Indices de défavorisation

Pour l’année scolaire 2020-2021, 705 écoles primaires et 199 écoles secondaires sont considérées « défavorisées » (rangs déciles 8, 9 ou 10) d’après l’indice de milieu socio-économique (IMSE). Ces écoles accueillent respectivement un total de 156 361 et 102 912 élèves, soit 30 % de l’effectif du réseau public pour chacun de ces deux ordres d’enseignement.

Le Ministère utilise deux indices de défavorisation afin d’assurer une répartition équitable des ressources financières entre les centres de services scolaires/commissions scolaires (CSS/CS) : l’Indice de milieu socio-économique (IMSE) et l’Indice de seuil de faible revenu (SFR). Ces indices permettent, selon les besoins, de cibler des écoles ou des bâtiments, afin de tenir compte du pourcentage d’élèves provenant de milieux défavorisés dans chaque CSS/CS.

L’Indice de milieu socio-économique (IMSE)

L’IMSE est constitué de la proportion des familles avec enfants dont la mère n’a pas de diplôme, certificat ou grade (cette variable représente les deux tiers du poids de l’indice) et de la proportion de ménages dont les parents n’étaient pas à l’emploi durant la semaine de référence du recensement canadien (cette variable représente le tiers du poids de l’indice).
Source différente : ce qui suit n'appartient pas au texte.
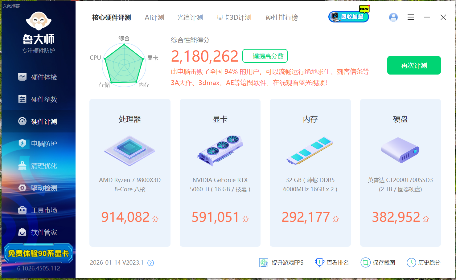 我们依旧使用鲁大师进行跑分,其中内存的得分为292177分,在它的助力下整机的性能得分为2180262分,还是蛮厉害了。其中内存将默频提升了约33%。

L’Indice du seuil de faible revenu (SFR)

Le SFR correspond à la proportion des familles avec enfants dont le revenu est situé près ou sous le seuil de faible revenu. Le seuil de faible revenu est défini comme le niveau de revenu selon lequel on estime que les familles consacrent 20 % de plus que la moyenne générale à la nourriture, au logement et à l’habillement. Il fournit une information qui sert à estimer la proportion des familles dont les revenus peuvent être considérés comme faibles, en tenant compte de la taille de la famille et du milieu de résidence (région rurale, petite région urbaine, grande agglomération, etc.).

Déclinaison des indices de défavorisation :

  • Année scolaire
  • Centre de services scolaire/Commission scolaire
  • Écoles primaires et secondaires
     

Commentaires

La méthodologie de calcul des indices de défavorisation (IMSE et SFR) se fonde sur les données issues du Recensement canadien qui a lieu tous les cinq ans. Depuis l’année 2017-2018, les indices de défavorisation se basent sur les données du Recensement de 2016. Il s’agit d’une actualisation après un statu quo de dix ans, puisque les données du Recensement de 2006 étaient utilisées, le Recensement de 2011 n’ayant pu être mobilisé en raison de l’abolition du questionnaire long.

L’utilisation de nouvelles données du Recensement de 2016 a entraîné en 2017-2018 des changements importants dans le classement des écoles défavorisées, comparativement aux années précédentes. Ces changements traduisaient l’évolution de la mobilité de la population, l’actualisation des données socio-économiques des familles québécoises ayant au moins un enfant âgé de 0 à 18 ans (Recensement de 2016) et la mise à jour de la carte des unités de peuplement, pour laquelle les CSS/CS ont été consultés. En effet, selon leur position géographique, les familles québécoises sont rassemblées, à l’échelle du territoire, dans l’une des 3 680 unités de peuplement établies par le Ministère. 

Pour les trois dernières actualisations des indices de défavorisation (2018-2019, 2019-2020 et 2020-2021), on note des différences beaucoup moins marquées que lors de l’actualisation de 2017-2018. Cette stabilité s’explique par le fait que les indices sont calculés selon les données d’un même recensement (celui de 2016) et que les changements observés sont principalement dus à la mobilité des élèves d’une école à l’autre et à la variation du nombre d’établissements (fusions, scissions, fermetures et ouvertures d’écoles).

Les indices de défavorisation sont calculés annuellement et distinctement pour les écoles primaires (sans le préscolaire) et pour les écoles secondaires. Ils sont regroupés en rang décile (chaque rang comprenant 10 % des élèves) afin de situer la place relative de l’école parmi l’ensemble des écoles publiques, et ce, pour l’enseignement primaire et secondaire. 

À noter que les écoles peuvent regrouper plus d’un bâtiment scolaire, qu’aucun indice n’est calculé pour les écoles des commissions scolaires à statut particulier (Crie, Kativik ilisarniliriniq et du Centre de services scolaire du Littoral) et que seules les écoles ayant un effectif minimum de 30 élèves font l’objet d’une publication de leurs indices de défavorisation (sans entente MEQ-MSSS).